Limitations of the map

While our search strategy aimed to minimise publication bias by consulting a wide range of peer-reviewed and grey literature sources, we did not have the time nor resources to review studies in languages other than English. As such, we are likely to have missed relevant studies in Portuguese and other languages from the southern African region. The lack of systematic biomass assessments across the regions’ climatic and environmental gradients, while accounting carefully for human intervention, is another important limiting factor.

Most of the data were chronosequence studies that used space for time and may have spatial confounding factors. In addition to conservation area status, data reported included age and type of re-growth (i.e. fallow re-growth or woodland re-growth) and cultivation period that provides information indicative of temporal trends in carbon stocks and sequestration.

Studies reported above- and below-ground carbon stocks in miombo woodlands in a wide variety of ways. Most studies estimated above-ground wood biomass using allometric models based on tree diameter measurements at breast height. These models ranged from non-linear power functions to linear logarithmic models and therefore the estimates may have contained biases due to the allometric model used. This would be a serious challenge for future anlaysis of reported data. Meta analysis of the data in these studies would require that all the data be converted to carbon units at the same spatial scale (e.g. Mg C ha−1) using an appropriate equation [68].

Conclusions

Implications for research in the miombo and future systematic review topics

The systematic map reveals an inadequate evidence base to address the four questions originally posed in our protocol. An insufficient number of robust studies was found that meet our inclusion criteria from across the miombo region. There is a clear knowledge gap for Angola, northern Mozambique and the Democratic Republic of Congo, at least from the wide sources we consulted, and while we acknowledge that this may due in large part to language bias in the mainstream academic literature, it points to a need to focus on this region in future primary research. There was more literature on dry miombo sites compared with moist sites, and the latter may also be a useful focus for future research. The relative dearth of qualitative studies highlights a potential source of future work to develop policy based on community engagement in the miombo region.

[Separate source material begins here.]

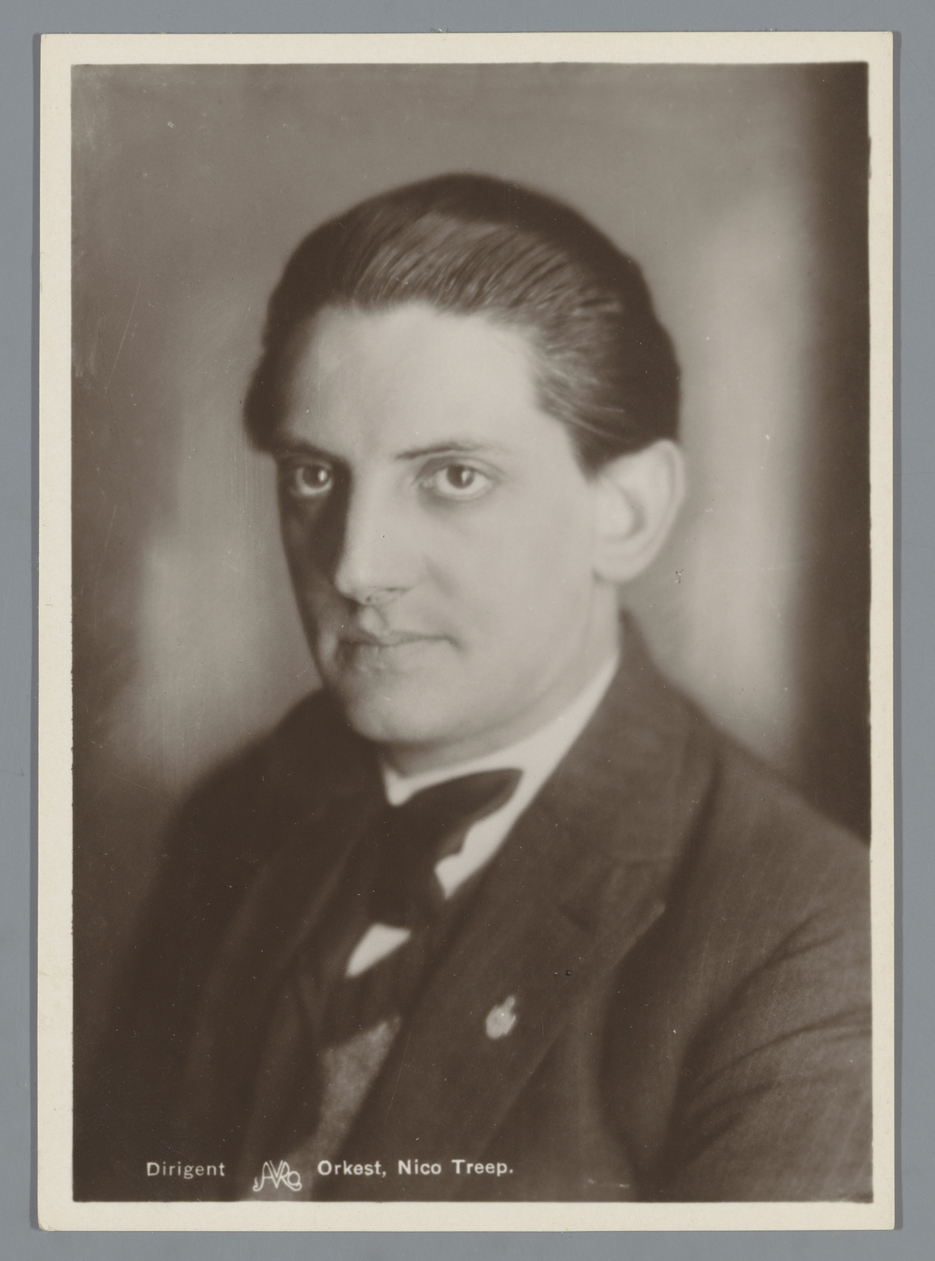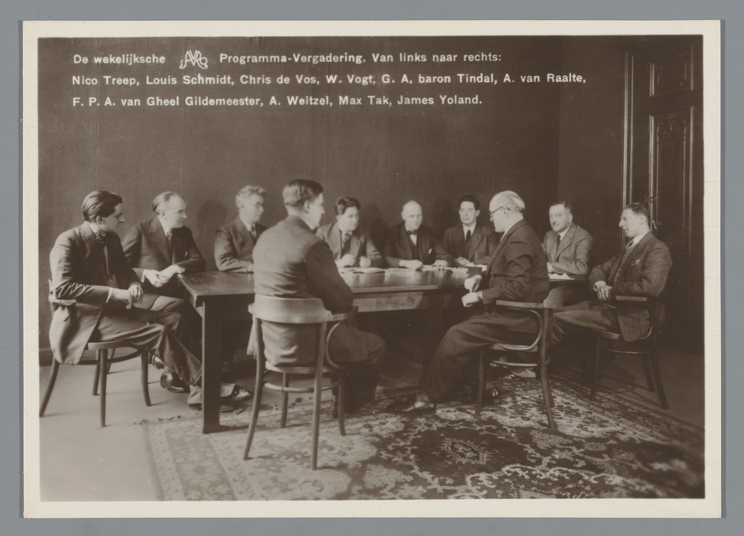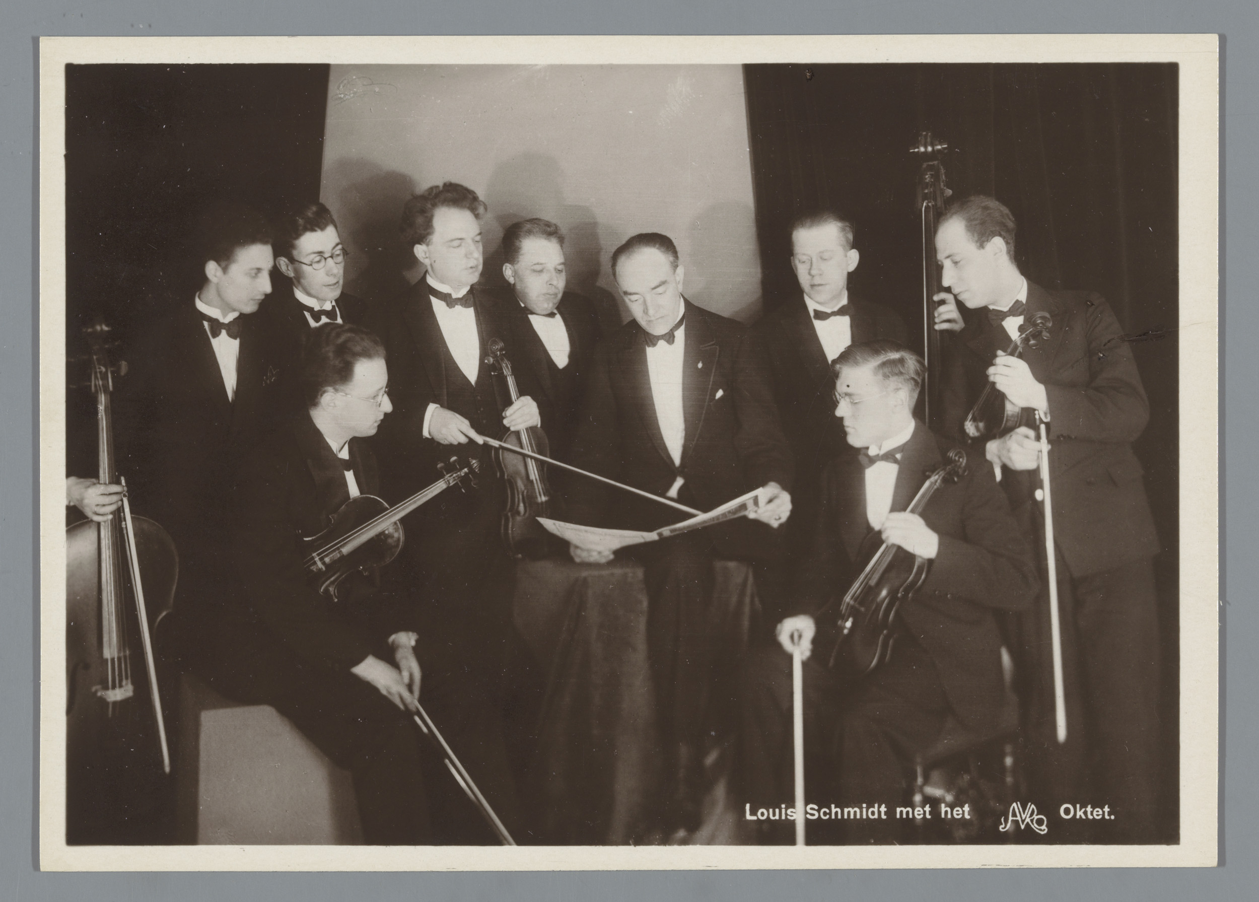 Groepsportret van het A.V.R.O. orkest met Louis Schmidt

Much further research is needed to understand C stocks and their trends in miombo old-growth woodland, because pooling the data is not sufficiently informative for localised management suggestions, given the variability (i.e., rainfall, aridity, soil depth and stand age) of miombo across the region. Understanding miombo biomass stocks, losses and gains and carbon sequestration in light of the variability across the regional gradients is crucial for future studies. It would require better assessment of both above- and belowground biomass across the region in a systematic way, accounting for spatial, climatic and land use differences.

In light of these findings, we suggest that future studies in miombo woodlands take longer term observational approaches with systematic, permanent sampling designs (versus chronosequence study designs). We also identify a few important phenomena pertinent to miombo woodland land use policy and management that would benefit from systematic review with meta analysis:

  • Do carbon stocks in miombo woodlands return to previous levels after disturbance?

  • What are the differences between carbon stocks in fallow re-growth sites and those in post-clearing re-growth sites, which appear to take longer to re-establish but reach higher levels?

  • Is regrowth after agricultural fallowing slower than after clearing and are conservation areas adequately protecting miombo woodlands?

  • Is controlled fire management, especially with early burning, a favourable management strategy for miombo woodlands to sequester and store carbon?